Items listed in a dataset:
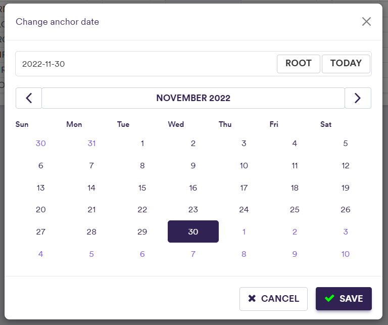 First, you will need to set the anchor date for the sandbox environment to 30th November 2022. To do so, click on the anchor date at the top of the screen, select the desired date and click on
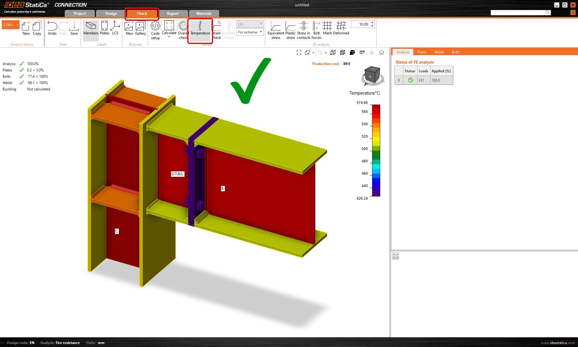 První skvělou novinkou je možnost posouzení požární odolnosti s využitím automaticky vypočítané teploty pro každý plech, šroub a svar v aplikaci IDEA StatiCa Connection.
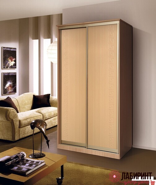 Наполнение шкафа: В правом отделении полки и 3 выдвижных ящика, в левом - штанга для одежды.
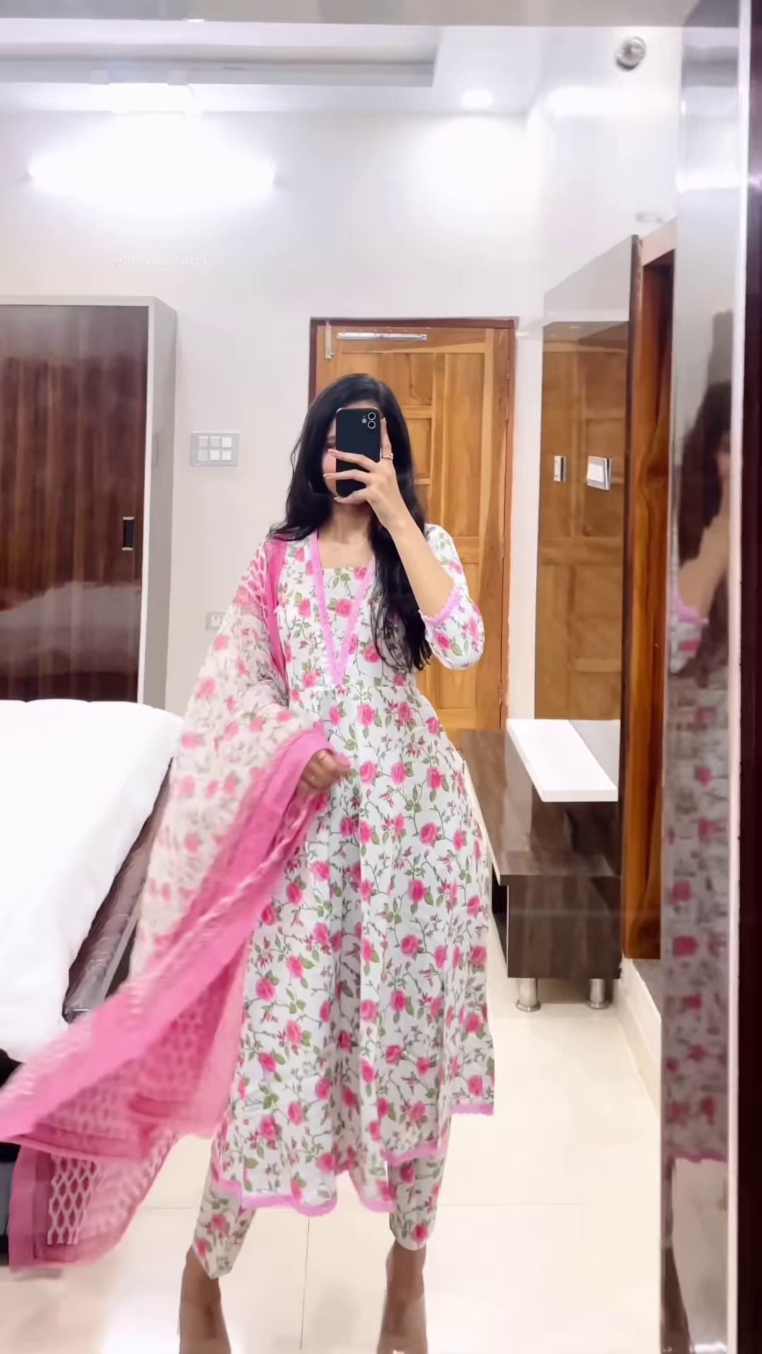 Captured in a mirror selfie for authenticity and relatability, the image provides realistic fit references for catalog thumbnails, haul reels, or online listings. The handheld phone and indoor backdrop contribute to lifestyle-driven presentation, making it ideal for WhatsApp carousel series or influencer-curated edits.
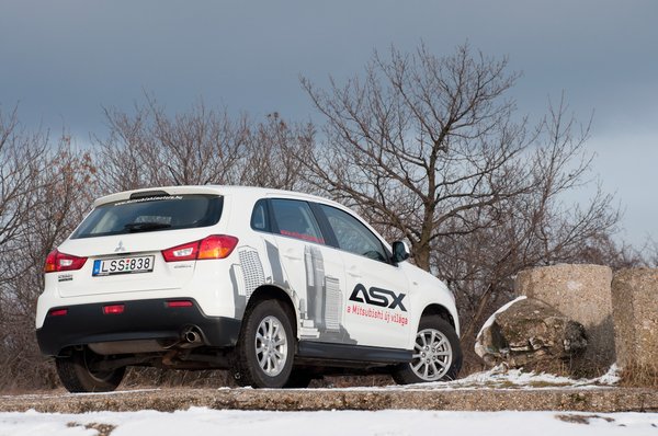 Elölről jól néz ki. Majdnem olyan jól, mint a Lancer, s ez helyből garantálja az ASX-nek, hogy kiemelkedjen a kéttucatnyi egyéb SUV közül. Arca van. Hátulról már nem annyira ügyes. Valahogy az a kicsi kerék nagyon egyedül érzi magát a terjengős lemezsivatagban, és hiába jó a hátsó lámpa formája, az sem találja a hangot a karosszéria többi részével. Elöl jó, hátul rossz, ez van, legalább a félsiker zajos.

▶ _WORK TASK_
An exact repetition of all the records above is required, excluding the pictures.

▶ _FINISHED TASK_
 First, you will need to set the anchor date for the sandbox environment to 30th November 2022. To do so, click on the anchor date at the top of the screen, select the desired date and click on
 První skvělou novinkou je možnost posouzení požární odolnosti s využitím automaticky vypočítané teploty pro každý plech, šroub a svar v aplikaci IDEA StatiCa Connection.
 Наполнение шкафа: В правом отделении полки и 3 выдвижных ящика, в левом - штанга для одежды.
 Captured in a mirror selfie for authenticity and relatability, the image provides realistic fit references for catalog thumbnails, haul reels, or online listings. The handheld phone and indoor backdrop contribute to lifestyle-driven presentation, making it ideal for WhatsApp carousel series or influencer-curated edits.
 Elölről jól néz ki. Majdnem olyan jól, mint a Lancer, s ez helyből garantálja az ASX-nek, hogy kiemelkedjen a kéttucatnyi egyéb SUV közül. Arca van. Hátulról már nem annyira ügyes. Valahogy az a kicsi kerék nagyon egyedül érzi magát a terjengős lemezsivatagban, és hiába jó a hátsó lámpa formája, az sem találja a hangot a karosszéria többi részével. Elöl jó, hátul rossz, ez van, legalább a félsiker zajos.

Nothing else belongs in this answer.